Abstract

This paper presents a new deep visual-inertial odometry and depth estimation framework for improving the accuracy of depth estimation and ego-motion from image sequences and inertial measurement unit (IMU) raw data. The proposed framework predicts ego-motion and depth with absolute scale in a self-supervised manner. We first capture dense features and solve the pose by deep visual odometry (DVO), and then combine the pose estimation pipeline with deep inertial odometry (DIO) by the extended Kalman filter (EKF) method to produce the sparse depth and pose with absolute scale. We then join deep visual-inertial odometry (DeepVIO) with depth estimation by using sparse depth and the pose from DeepVIO pipeline to align the scale of the depth prediction with the triangulated point cloud and reduce image reconstruction error. Specifically, we use the strengths of learning-based visual-inertial odometry (VIO) and depth estimation to build an end-to-end self-supervised learning architecture. We evaluated the new framework on the KITTI datasets and compared it to the previous techniques.
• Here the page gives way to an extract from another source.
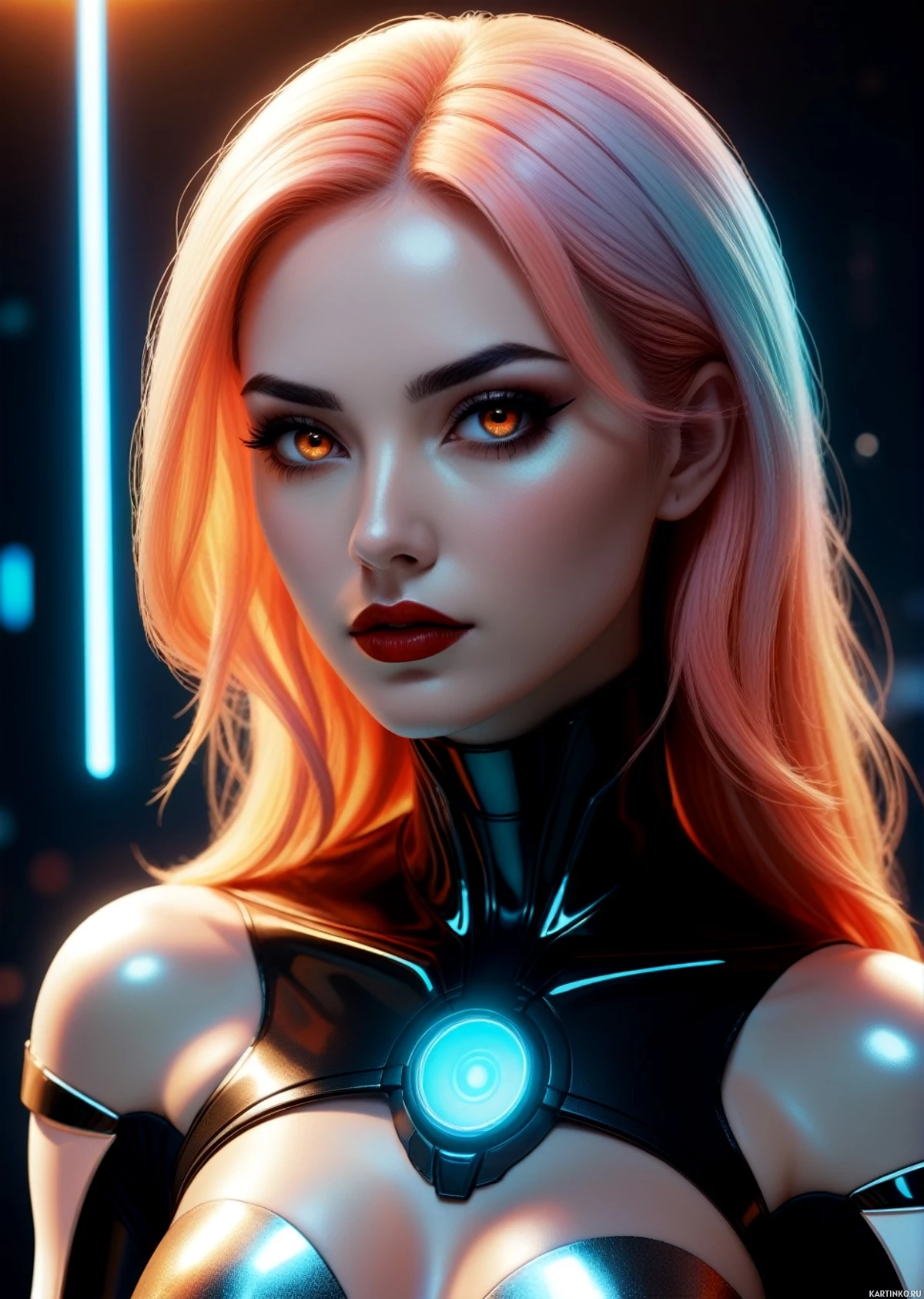 power source within the context of this character's universe. The background is blurred with hues of blue and pink, giving it a somewhat ethereal or otherworldly ambiance, and there are small glittering particles that add to the magical or science fiction atmosphere. The overall impression is that of a female warrior or heroine, possibly from a video game, comic book, or animated series.

We show that our approach improves results for ego-motion estimation and achieves comparable results for depth estimation, especially in the detail area.

Highlights

  • Dense depth estimation from an RGB image is the fundamental issue for 3D scene reconstruction that is useful for computer vision applications, such as automatic driving [1], simultaneous localization and mapping (SLAM) [2], and 3D scene understanding [3]

  • We present a new deep visual-inertial odometry (DeepVIO) based ego-motion and depth prediction system that combines the strengths of learning-based VIO and geometrical depth estimation [16,19,20]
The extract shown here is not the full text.